▸ **GOAL OF THE EXERCISE**:
Go through the data below and copy it exactly, skipping every picture.

▸ **Items from a dataset**:
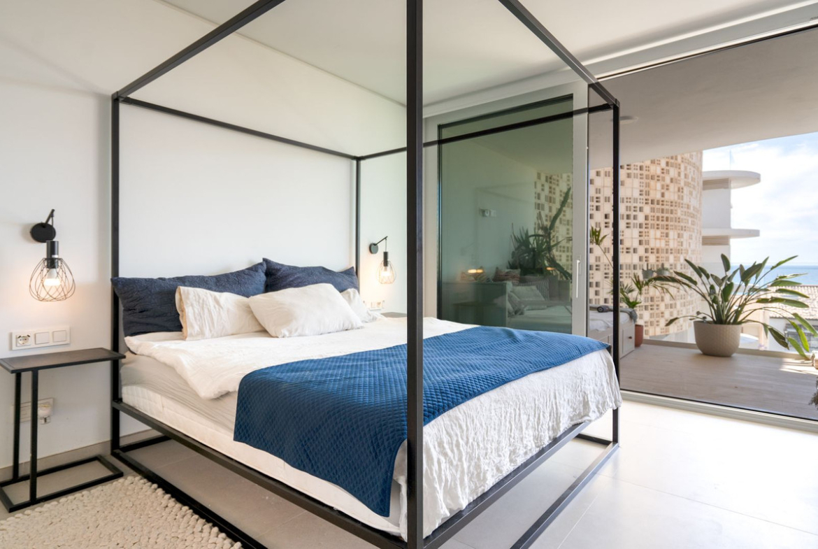 The master bedroom has direct access to the terrace and includes an en-suite bathroom with walk-in shower. Additional bedrooms are well-proportioned and share a second bathroom.
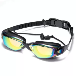 These swimming goggles are designed to help you stay on top even in the toughest of waters. Their unique soft frame moulds to the face for a comfortable and secure fit and a hypoallergenic silicone gasket evenly distributes the pressure. The skin-friendly silicone head strap with an adjustable buckle is very easy to use — you can easily put the goggles on and take them off with only one press. The built-in earplugs keep water out of your ear canal. Durable anti-fog lenses offer UV protection and clear underwater vision, while eliminating glare so you can keep an eye on the competition. Thus, these expertly crafted swimming goggles is an ideal choice for professional and recreational swimmers as they offer the best protection possible.
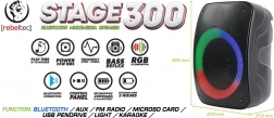 Bærbar Bluetooth-højttaler Stage 300 tilbyder en fantastisk musikoplevelse, uanset hvor du befinder dig. Den udmærker sig ved sin alsidighed, kraftige lyd og flerfarvet RGB-belysning.
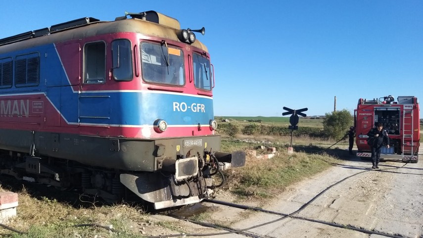 UPDATE Județul Constanța Incendiu la o locomotivă, între Halta Dorobanțu și Nazarcea (foto+video)
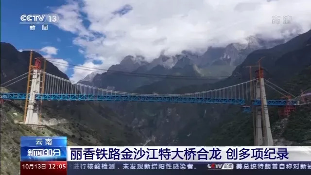 2020年10月13日,随着最后一片重达640吨的钢桁梁被精准吊装到位,丽香铁路金沙江特大桥实现合龙。这也标志着,经过施工人员5年紧张施工,连创三项世界纪录的金沙江特大桥主体工程完工。
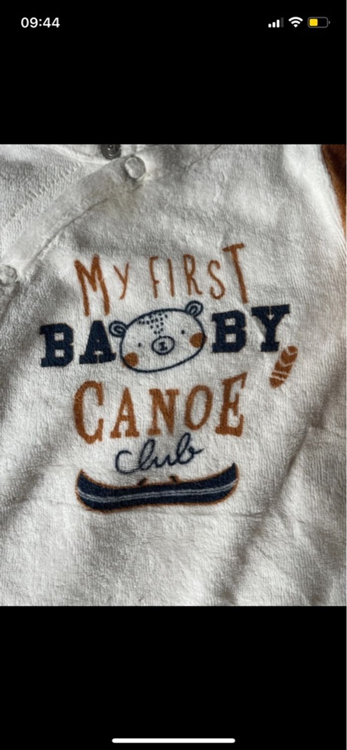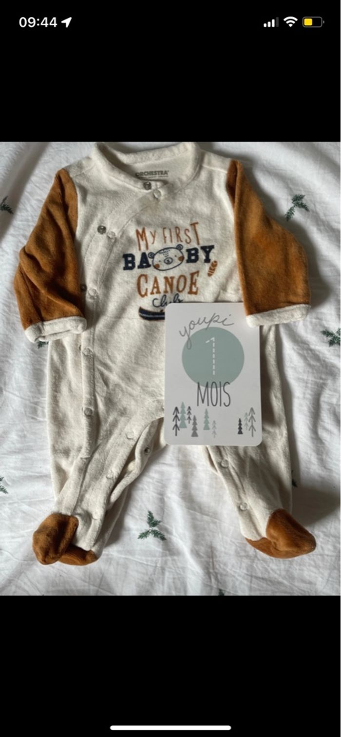 Pyjama ouverture à l’avant - chaud hiver velours Thème : marron beige camel canoë ours 🐻 📏 taille : 1 mois 54 cm 🛍️ marque : orchestra 🗒️ état : très bon état - ni tache ni trou Dessins légèrement craquelés Maison non fumeur, sans animaux. Lessive clean 🍃
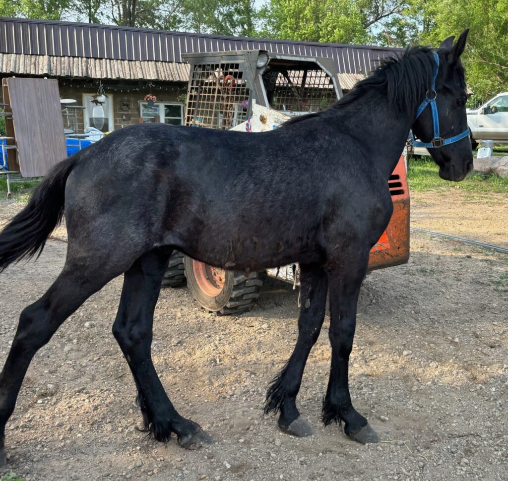 Onyx is a Percheron Friesian x gelding yearling. He has a thin star, strip, pink snip, and white around his back left hoof. He has a very sweet disposition. He is halter broke. He is a finey-boned colt. His Dam is dapple gray and stands 16.1 HH. His Sire is a blue roan named Samson and stands 17 HH.
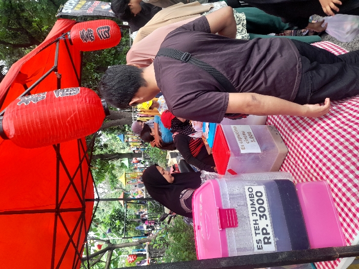 A food stall features a red tent adorned with Japanese lanterns. A customer in a dark shirt leans over the counter, where two containers of beverages are displayed: "Es Teh Jumbo" and "Es Capucino Cincau," priced at 3000 and 5000, respectively. A woman in a hijab sits behind the counter. The setting is outdoors, possibly in a park, with trees and people in the background.

▸ **RESPONSE TO THE TASK**:
 The master bedroom has direct access to the terrace and includes an en-suite bathroom with walk-in shower. Additional bedrooms are well-proportioned and share a second bathroom.
 These swimming goggles are designed to help you stay on top even in the toughest of waters. Their unique soft frame moulds to the face for a comfortable and secure fit and a hypoallergenic silicone gasket evenly distributes the pressure. The skin-friendly silicone head strap with an adjustable buckle is very easy to use — you can easily put the goggles on and take them off with only one press. The built-in earplugs keep water out of your ear canal. Durable anti-fog lenses offer UV protection and clear underwater vision, while eliminating glare so you can keep an eye on the competition. Thus, these expertly crafted swimming goggles is an ideal choice for professional and recreational swimmers as they offer the best protection possible.
 Bærbar Bluetooth-højttaler Stage 300 tilbyder en fantastisk musikoplevelse, uanset hvor du befinder dig. Den udmærker sig ved sin alsidighed, kraftige lyd og flerfarvet RGB-belysning.
 UPDATE Județul Constanța Incendiu la o locomotivă, între Halta Dorobanțu și Nazarcea (foto+video)
 2020年10月13日,随着最后一片重达640吨的钢桁梁被精准吊装到位,丽香铁路金沙江特大桥实现合龙。这也标志着,经过施工人员5年紧张施工,连创三项世界纪录的金沙江特大桥主体工程完工。
 Pyjama ouverture à l’avant - chaud hiver velours Thème : marron beige camel canoë ours 🐻 📏 taille : 1 mois 54 cm 🛍️ marque : orchestra 🗒️ état : très bon état - ni tache ni trou Dessins légèrement craquelés Maison non fumeur, sans animaux. Lessive clean 🍃
 Onyx is a Percheron Friesian x gelding yearling. He has a thin star, strip, pink snip, and white around his back left hoof. He has a very sweet disposition. He is halter broke. He is a finey-boned colt. His Dam is dapple gray and stands 16.1 HH. His Sire is a blue roan named Samson and stands 17 HH.
 A food stall features a red tent adorned with Japanese lanterns. A customer in a dark shirt leans over the counter, where two containers of beverages are displayed: "Es Teh Jumbo" and "Es Capucino Cincau," priced at 3000 and 5000, respectively. A woman in a hijab sits behind the counter. The setting is outdoors, possibly in a park, with trees and people in the background.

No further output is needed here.